A piece of metal of volume 250 cetimetre cube floats in water when 85 percent of it's volume is under water.Calculate the upthrust on the metal.
250*85=21250
well, 250*0.85 = 212.5 cm^3
so it displaces
212.5 grams of water assuming water has density of 1 gram/cm^3
If your book does force in grams, that is the answer.
However that 212.5 grams is really the MASS of water displaced. To get the force up you really should multiply that by g, the acceleration of gravity which would give you force in dynes. g = 981 cm/s^2 on earth approximately
This is the second question in a row which confused mass and weight or force. Are you using the same old physics book I wonder?
Our spring scales would not work on the moon correctly.
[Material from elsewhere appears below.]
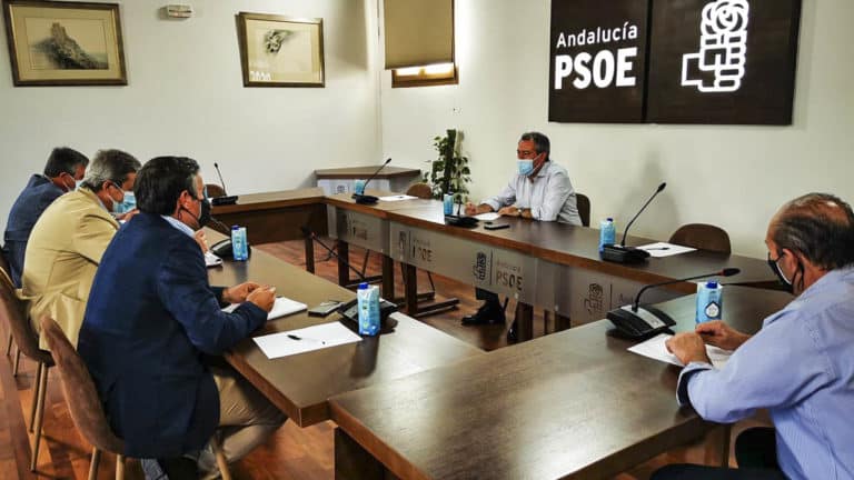 El vicesecretario general de Agricultura de UPA Andalucía, Francisco Moscoso; y el presidente de la Federación Andaluza de Caza, José María Mancheño, se reúnen con el secretario general del PSOE regional, Juan Espadas, para transmitirle la preocupación de agricultores y cazadores sobre el hecho de que tanto el Gobierno central como la Junta de Andalucía se hayan instalado en una especie de «cruzada ecologista» sin tener en cuenta las repercusiones negativas que para el campo tendrá la legislación que quieren aplicar de protección a los animales.

We would have to multiply the measurement in grams or kilograms by 6 to get the right answer :)
On the other hand a balance scale would work fine.
Surely one can't have a book that old, the binding would be brittle.
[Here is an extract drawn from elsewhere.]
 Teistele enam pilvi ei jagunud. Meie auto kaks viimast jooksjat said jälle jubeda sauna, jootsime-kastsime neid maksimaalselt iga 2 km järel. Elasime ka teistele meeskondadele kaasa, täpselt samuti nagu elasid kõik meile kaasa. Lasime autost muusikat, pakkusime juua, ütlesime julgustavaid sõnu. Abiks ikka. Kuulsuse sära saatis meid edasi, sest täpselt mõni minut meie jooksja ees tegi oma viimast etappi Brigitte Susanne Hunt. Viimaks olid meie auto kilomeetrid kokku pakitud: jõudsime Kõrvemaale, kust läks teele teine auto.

To calculate the upthrust on the metal, we need to first find the volume of water that is displaced by the metal. Since 85% of the metal's volume is under water, we can calculate the volume of water displaced by multiplying the metal's volume by 85% (0.85).
Metal's volume = 250 cm^3
Volume of water displaced = 250 cm^3 * 0.85 = 212.5 cm^3
Now, we can calculate the upthrust on the metal using Archimedes' principle, which states that the upthrust or buoyant force acting on an object submerged in a fluid is equal to the weight of the fluid it displaces.
The density of water is approximately 1 g/cm^3, so the mass of water displaced by the metal can be calculated as follows:
Mass of water displaced = Volume of water displaced * Density of water
= 212.5 cm^3 * 1 g/cm^3 = 212.5 g
Finally, we can find the upthrust using the formula:
Upthrust = Mass of water displaced * Acceleration due to gravity
Acceleration due to gravity is approximately 9.8 m/s^2. Since the mass is in grams, we need to convert it to kilograms before calculating the upthrust.
Upthrust = 212.5 g * (1 kg / 1000 g) * 9.8 m/s^2
= 2.08 N
Therefore, the upthrust on the metal is approximately 2.08 Newtons.